[Question] Data Labeler vs. Presidio
I see many parallels between your Data Labeler and the Presidio project from Microsoft.
- Could you talk a little about the similarities and differences?
- Is the overall goal and focus the same?
- Have you run tests to compare accuracy and speed?
- Do you use any common NLP libraries under the hood?
I'm looking into which of the two is right for me and couldn't find a good comparison. I was hoping to get a little bit of insight from you as a starting point.
Thanks
Sorry for the delay in response. Here are my thoughts on your questions.
First, I can't speak to Presidio, so I'll explain more of the intent from the Data Profiler's perspective.
The Data Profiler's intent is to provide an easy to use library for data insight. One component of that is identification of sensitive data as suggested by the Data Labeler. While the Data Labeler provides an out of the box solution for structured and unstructured identification, it generally tries to abstract Data Labelers to allow others to build their own components (pre/post processor and model) and make them shareable with others for reuse or integration into the profiling capabilities of the library.
Hence, if the current set of labels meets your needs, then no added work is required.
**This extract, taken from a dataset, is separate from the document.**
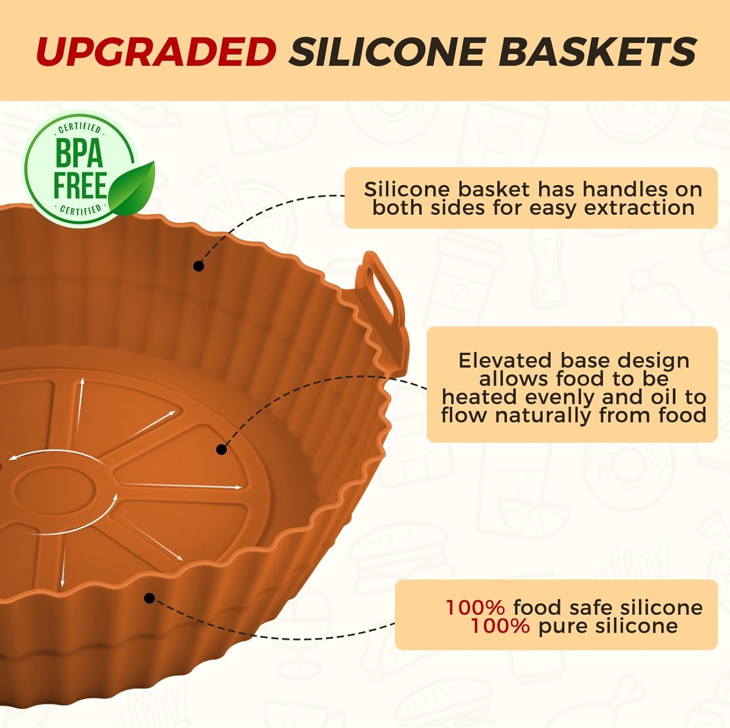 - 【Practical Design】- The reusable air fryer silicone pot have many raised lines, which improve the circulation of heat to fully heat the food for a more even doneness. Keep your bacon, breads, pizza, turkey, fries, buns integrity and nice look, and no effect on the taste of the food. Our silicone air fryer pot are designed with intimate handles on both sides to protect your hands from burns when removing the silicone pot. They are great kitchen air fryer accessories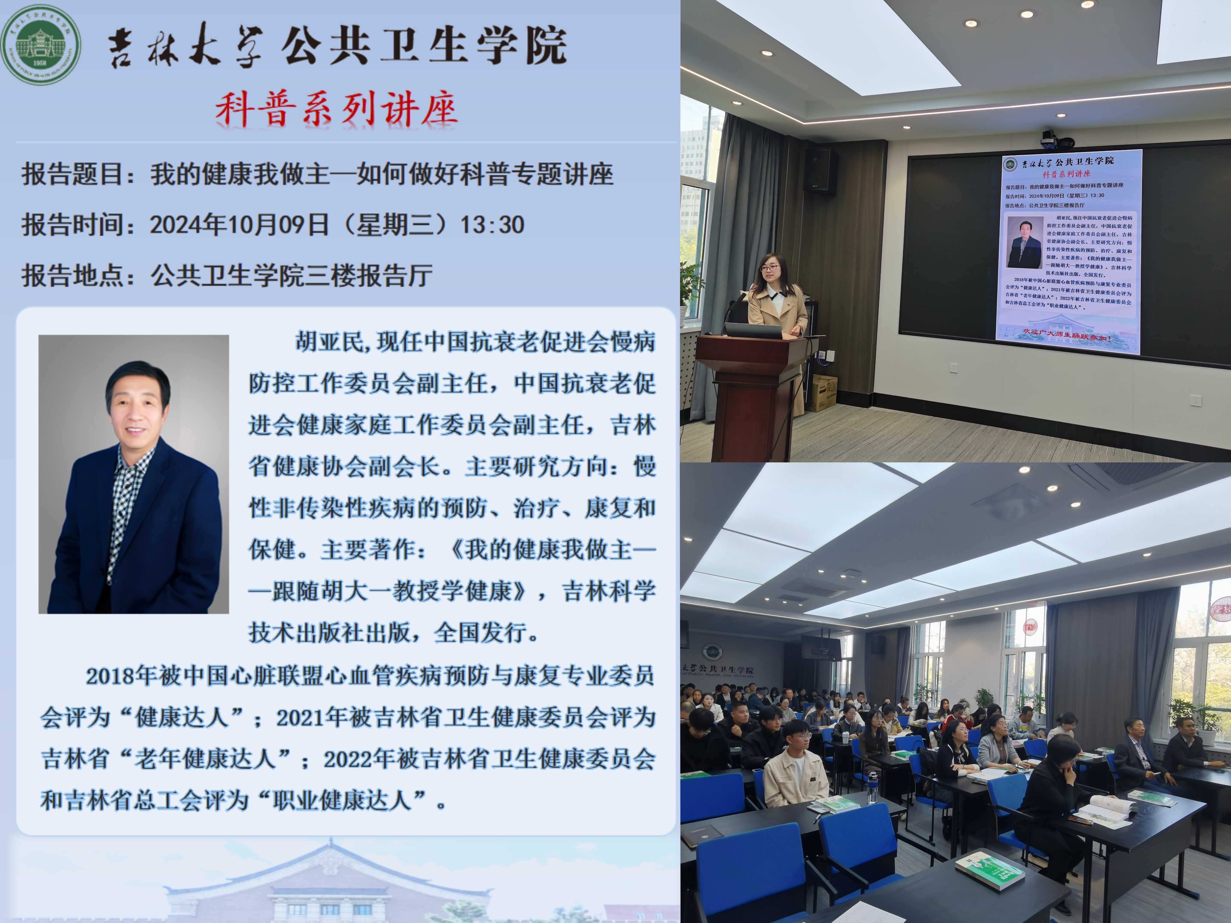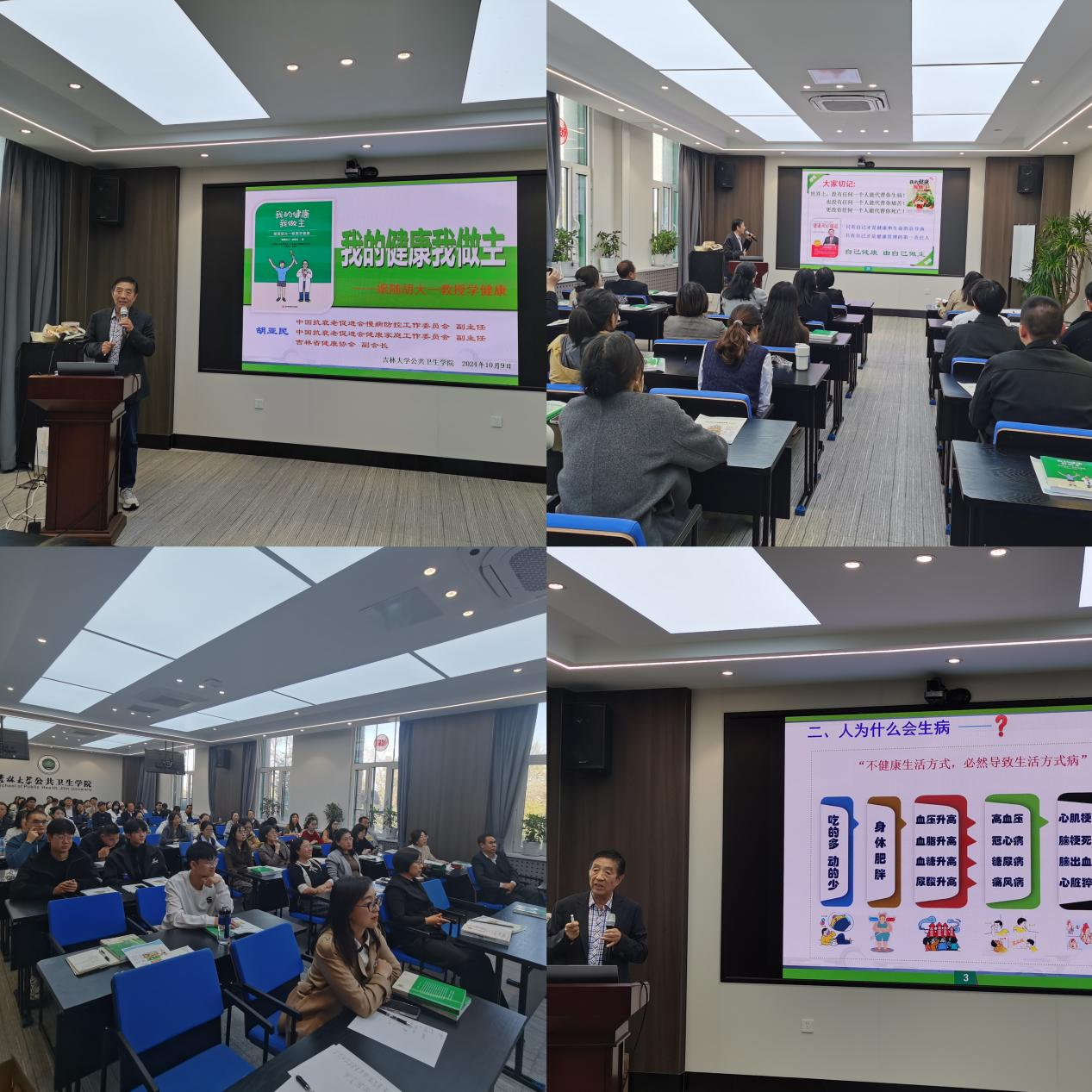 为积极响应2024年全国科普日暨吉林省第二十二届科普周活动,进一步增强公司师生健康意识,倡导健康生活,10月9日下午,beet365特邀吉林省健康协会副会长胡亚民作《我的健康我做主》主题讲座,为全院师生普及健康保健知识。本次活动由beet365王娟副经理主持。

However, the data labeler's allow you to set bring your own datasets to train (transfer learning or reinitialized) the models on the labels that meet your needs or develop your own labeling pipeline as well.
The current default model is a TensorFlow Char CNN model that can configured to apply word aggregation in the postprocessing. The preprocessing was optimized by pushing the character encoding into the model layers. As mentioned above, the final layer can adapt to the labels needed for your own needs provided you have the dataset to train the model after architecture change. Integration into the profiling can be done through setting profiling options.
If you have further questions, please don't hesitate to reach out again or even contribute to library as well.
Closing due to inactivity.